Новиков Игорь писал:


> выпускались в послевоенной Германии,обычный ширпотреб. Это в те то далёкие ГДРовские годы!


Послевоенная или все же ГДР? ГДР появилась в 1949 году. А послевоенная Германия- это 1946, 1947 гг.
А про цену- надо его разбирать и смотреть полноту и своевременность технического обслуживания. Если с 1951-го года (года его выпуска) не проходили плановые ремонты- эту штуковину надо выкинуть. А если ремонты и ТО были своевременны и качественны- можно брать за 10 тр смело.

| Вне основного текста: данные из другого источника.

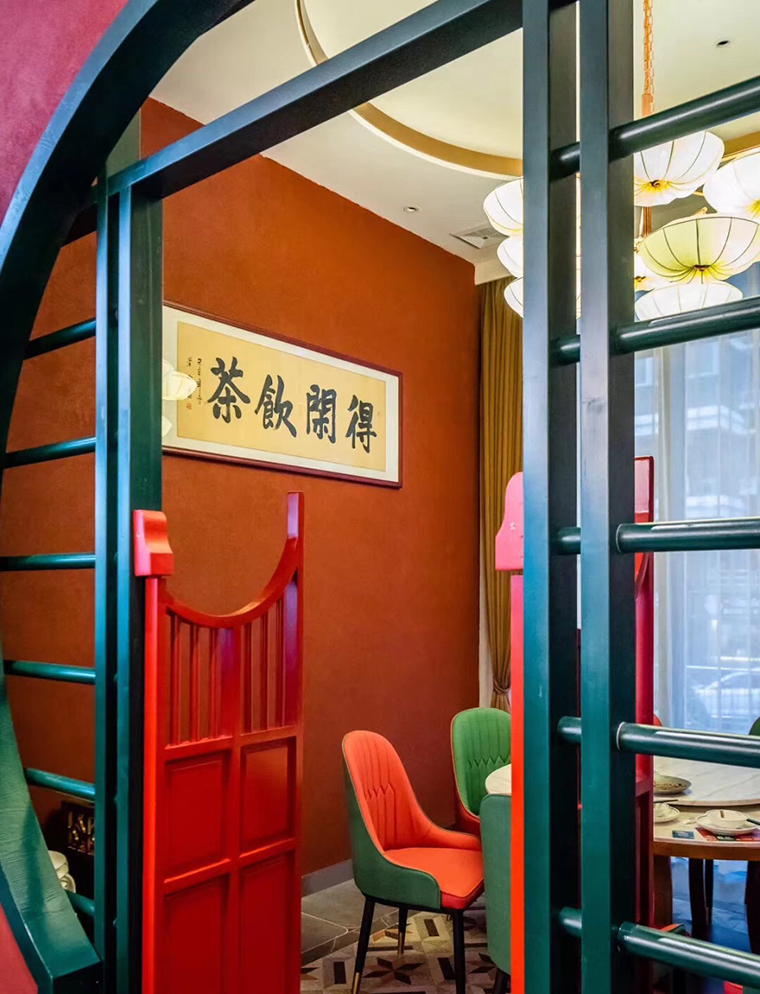 品深餐飲設計總結一句話形容悅得閑茶樓整體色彩搭配主題:紅配綠,奢華典雅有活力;大紅配大綠,富貴吉祥更添財氣。
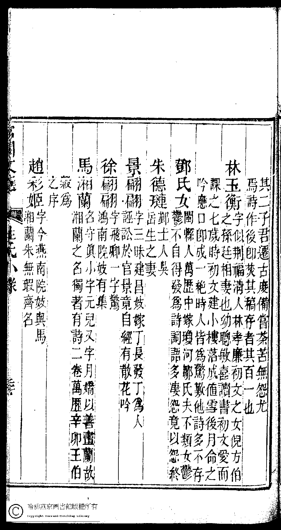 | (PRINT FRIENDLY VERSION) 宮閨文選:二十六卷,姓氏小錄 : 一卷(清周壽昌輯訂)。道光二十六年(1846)開雕 ![]() 頁碼 : 姓氏小錄.27a | 点 击 放 大 | 宮閨文選:二十六卷,姓氏小錄 : 一卷(清周壽昌輯訂)。道光二十六年(1846)開雕![]() 頁碼 : 姓氏小錄.26b | 点 击 放 大 | 返回 |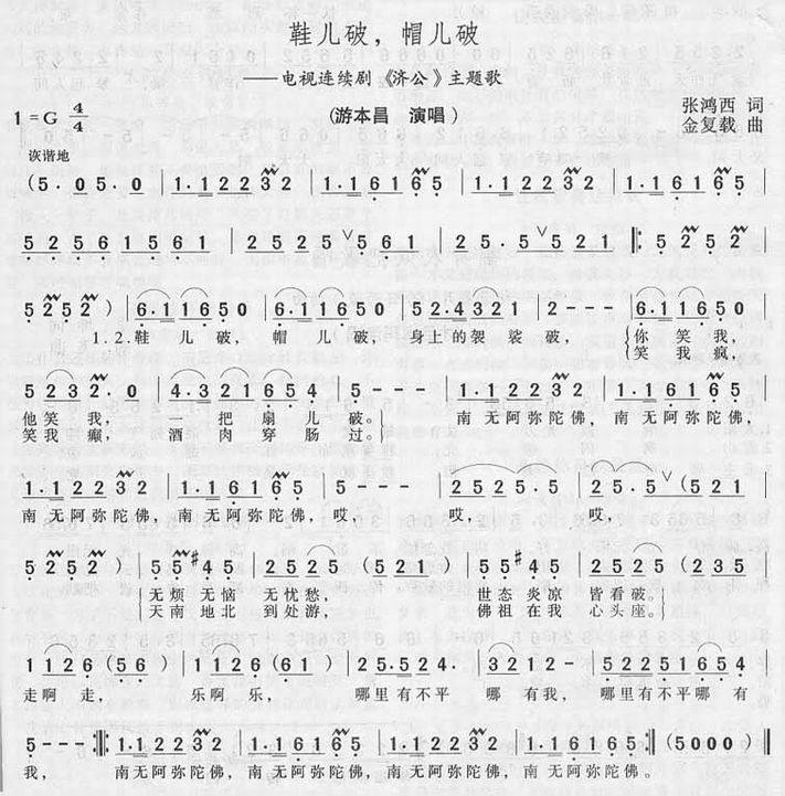 鞋儿破,帽儿破-《济公》(影视简谱)

Ещё поиграет какую-нибудь "Розамунду".


----------



## Carpenter (9 Ноя 2015)

Kuzalogly/ писал:


> А если ремонты и ТО были своевременны и качественны-


Позвольте полюбопытствовать, как обнаружить следы этих самых ремонтов. 
Кроме шуток, для повышения собственного уровня.
Сто раз разбирал свою Стеллу, но так ничего не обнаружил. Хотя по словам препода, характеристики довольно приличные для учебы.


----------



## Kuzalogly (9 Ноя 2015)

А что, там всё уникально?

Берём шило, царапаем мастику по всем местам. Если она не пластична, а крошится порошком- это очень плохо. Поддеваем кусок пальцем. он не должен оторваться. Смотрим лайки на залогах. Должны худо-бедно прилегать. Пытаемся одну лаечку оторвать. Если там шеллак 50 лет отроду- лайка отвалится. Если всё свежее- не отвалится. Ну и ещё много признаков. Ещё важно понять- делал ли ремонт и ТО мастер, или там копался сантехник- сосед)). Про это- в другой теме.


----------



## vev (9 Ноя 2015)

Ну по поводу возраста я бы был менее категоричен... Инструмент начала-середины 60-х. Для нормальной игры без полной (весьма затратной) профилактики непригоден. С ней, правда, тоже удовольствия особенного не получите. 
Пионерам "для опытов" я бы пока не отдавал. В зависимости от региона и насыщенности рынка можно получить за него при наличие терпения 7-10тр.


----------